**Requirement**.
Begin with the opening line of the records and extract each line through the one holding "お子さまたちの瞳が輝くすべり台やスーパーボールすくいに、大人も思わず笑顔に。"; pictures are not part of the copy.
Records for this exercise section start
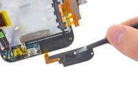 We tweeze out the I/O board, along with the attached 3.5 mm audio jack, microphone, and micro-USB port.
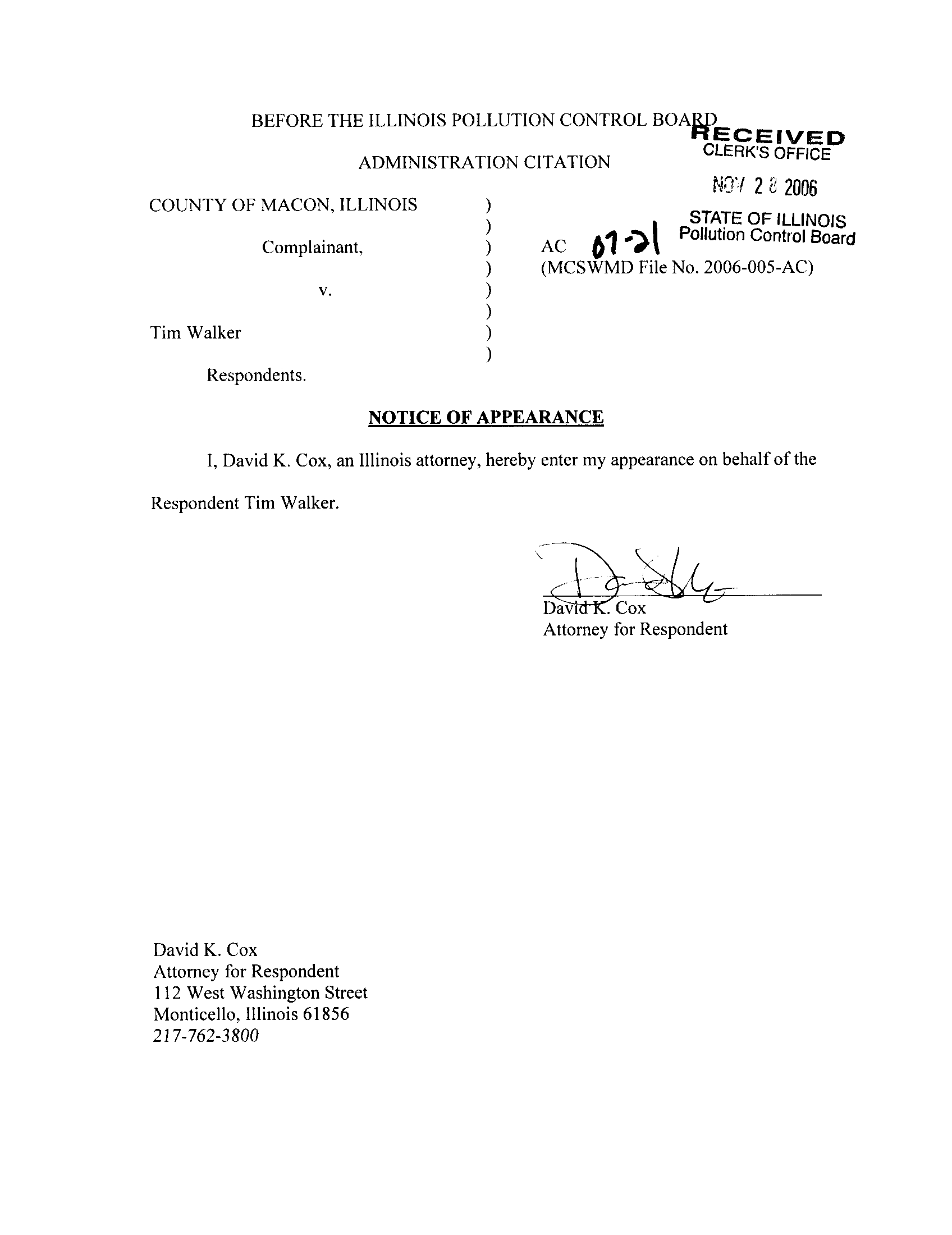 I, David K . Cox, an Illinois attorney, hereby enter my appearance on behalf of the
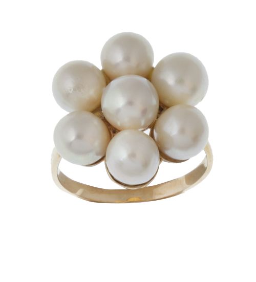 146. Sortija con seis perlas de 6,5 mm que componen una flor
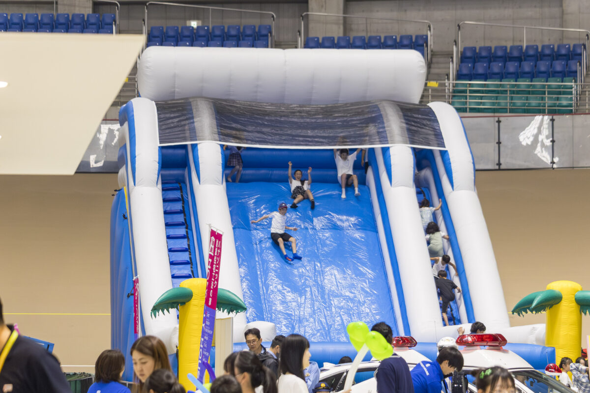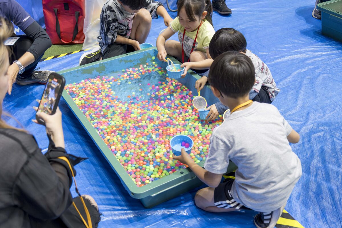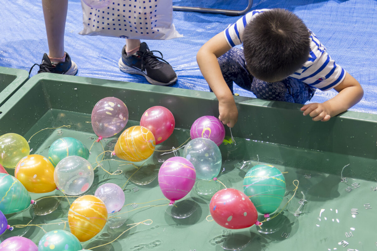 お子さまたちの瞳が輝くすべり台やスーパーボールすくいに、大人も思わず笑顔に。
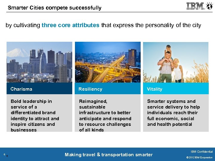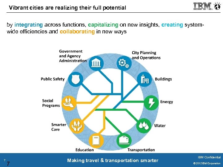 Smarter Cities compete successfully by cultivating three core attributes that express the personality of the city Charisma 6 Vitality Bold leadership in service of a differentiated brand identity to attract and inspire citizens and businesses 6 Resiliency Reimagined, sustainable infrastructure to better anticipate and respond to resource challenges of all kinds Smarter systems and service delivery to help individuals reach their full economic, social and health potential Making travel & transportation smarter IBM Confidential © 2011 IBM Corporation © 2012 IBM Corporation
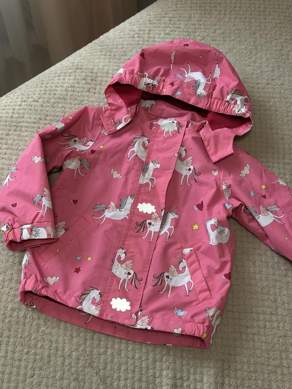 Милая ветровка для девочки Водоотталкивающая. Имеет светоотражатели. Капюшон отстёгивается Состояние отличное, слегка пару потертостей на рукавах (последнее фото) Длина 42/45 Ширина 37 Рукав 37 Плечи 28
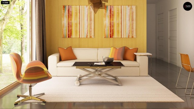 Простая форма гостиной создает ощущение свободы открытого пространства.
Records for this exercise section end
**Completed task**.
 We tweeze out the I/O board, along with the attached 3.5 mm audio jack, microphone, and micro-USB port.
 I, David K . Cox, an Illinois attorney, hereby enter my appearance on behalf of the
 146. Sortija con seis perlas de 6,5 mm que componen una flor
 お子さまたちの瞳が輝くすべり台やスーパーボールすくいに、大人も思わず笑顔に。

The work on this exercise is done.